Agents need to display intelligence in order to truly provide guarantees of reliability. Chain-of-thought reasoning unlocks this, allowing agents to reason over context and self-review, just as a human would review their own work before submitting. Furthermore, from an applied AI standpoint, chain-of-thought provides visibility and traceability for humans to monitor “correctness.”

We expect that foundation models will increasingly subsume the chain-of-thought reasoning we see today in agentic applications. However, we expect that chain-of-thought will still be required at the application level to provide more control and visibility of the intermediate steps, especially in regulated industries.

For example: AI has a sense of contextual cues so that it can provide better code suggestions with logic traceability. It also critiques itself to improve its coding ability over time.

L2: Conditional agency as co-pilot

The distinction at this level is that the AI can not only provide relevant information, but it can also digest information accurately and perceive its environment to propose actions.

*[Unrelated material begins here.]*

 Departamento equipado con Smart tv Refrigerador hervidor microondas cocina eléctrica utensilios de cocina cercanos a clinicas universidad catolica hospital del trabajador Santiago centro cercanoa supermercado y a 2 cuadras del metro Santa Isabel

However, a human-in-the-loop is still the pilot and the agent requires manual review of its proposal and/or need authorization from a human to operationalize actions.

For example: Code co-pilot can generate code completion suggestions within the integrated development environment (IDE), but the developer needs to deploy the code and/or a human manager needs to approve the code agent to push changes directly into the repository.

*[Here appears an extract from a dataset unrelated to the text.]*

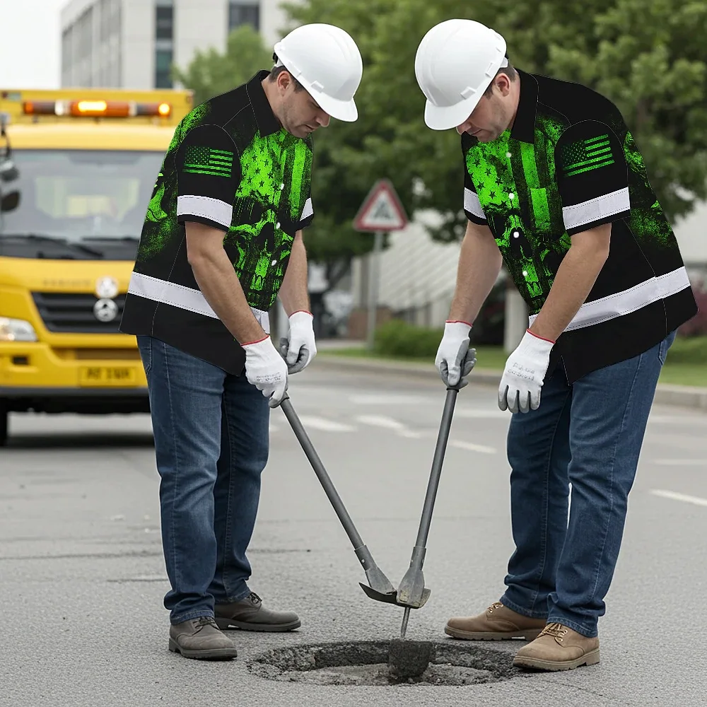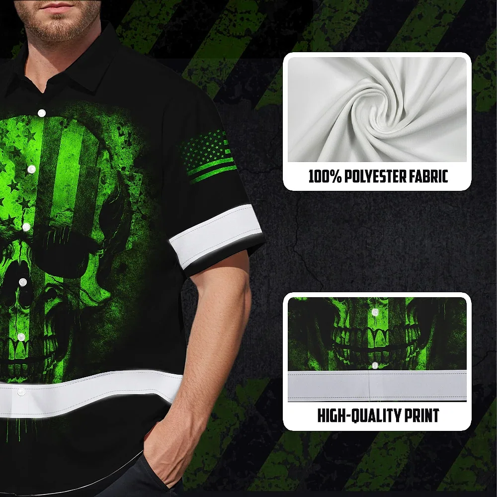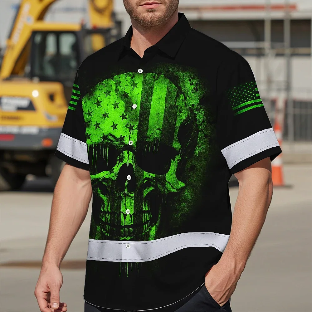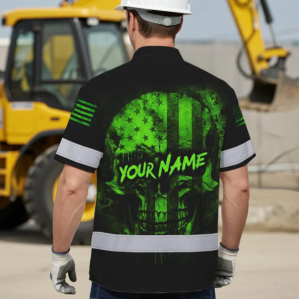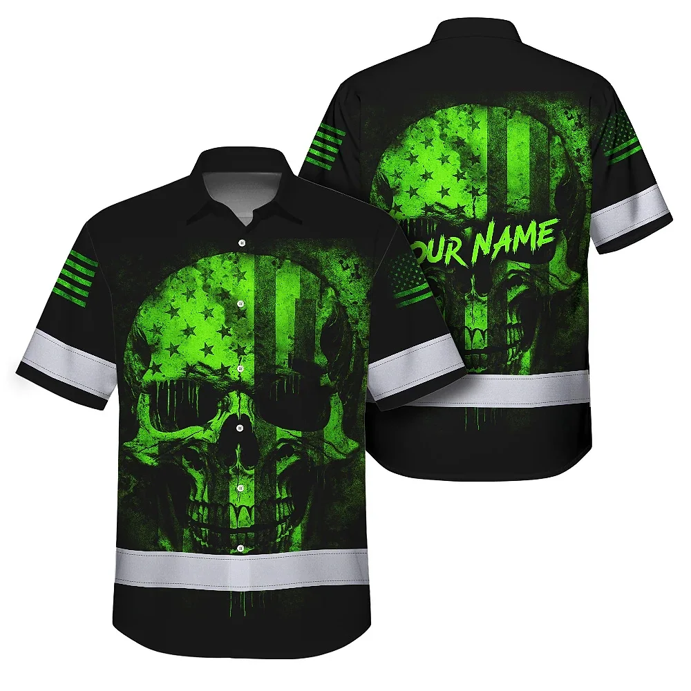 Hi Vis Hawaiian Skull Shirt, Green Neon Custom Name High Visibility Short Sleeve Button Down Shirt for Workers, Truckers

L3: High autonomy to act on tasks

AI agent has authority and entitlement to operational systems so that it can complete tasks autonomously with strong guarantees of reliability.

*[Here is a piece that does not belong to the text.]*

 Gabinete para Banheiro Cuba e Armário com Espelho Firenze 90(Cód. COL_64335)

For example: Code agents can generate code and make changes directly and correctly to a code base without a human manager to review.

L4: Perform job

Fully autonomous AI employees can set and meet goals by understanding their environment and navigating complex, sequenced workflows. They can complete tasks they’ve never seen before.

For example: AI agents fully act as software engineers.

L5: Teams of agents

Agents can interact and collaborate successfully by sharing context and executing tasks in concert to achieve a common goal.

For example: AI agents perform like a software engineer SWAT team.

L6: Manage teams of agents

Agents not just collaborate successfully, but now agents can recruit and assess other AIs, direct them, give feedback, and even replace them when necessary.

For example: AI engineering manager or AI product manager coordinating and critiquing other AIs for a feature launch.

Agentic workforces are coming

The potential for AI to function as full employees and even teams of employees is vast. But it doesn’t end there. Beyond the L6 frontier, we like to draw upon Marvin Minsky’s ’society of mind’ theory to understand the unlimited potential for economically viable work to be transformed as AI agents transcend individuals or teams, and begin organizing themselves into scaled hives and even full companies:

“The mind is not a single, unified entity, but rather a ‘society’ of simpler processes—called ‘agents’—working together to create what we experience as thought, consciousness, and intelligence.”

In time, we believe that AI will improve and even automate every information job done by human beings, including ours as investors. This will bring massive transformation both on the enterprise and customer side, not just fulfilling AI’s productivity promise by enabling humans to be more efficient at work, but possibly causing an evolution of the workforce toward an agentic majority.

If you’re not sold on the imminent possibilities of artificial intelligence, we’d invite you to consider that this might be an illusion.

AI agent intelusion

While it’s natural for humans to feel a level of resistance or fear with the possible risks that new AI technologies pose, we often underestimate the positive impact AI agents may have on people’s lives and the economy. The aim is to not be “intelusional,” but rather intentional on how we leverage the potential of AI.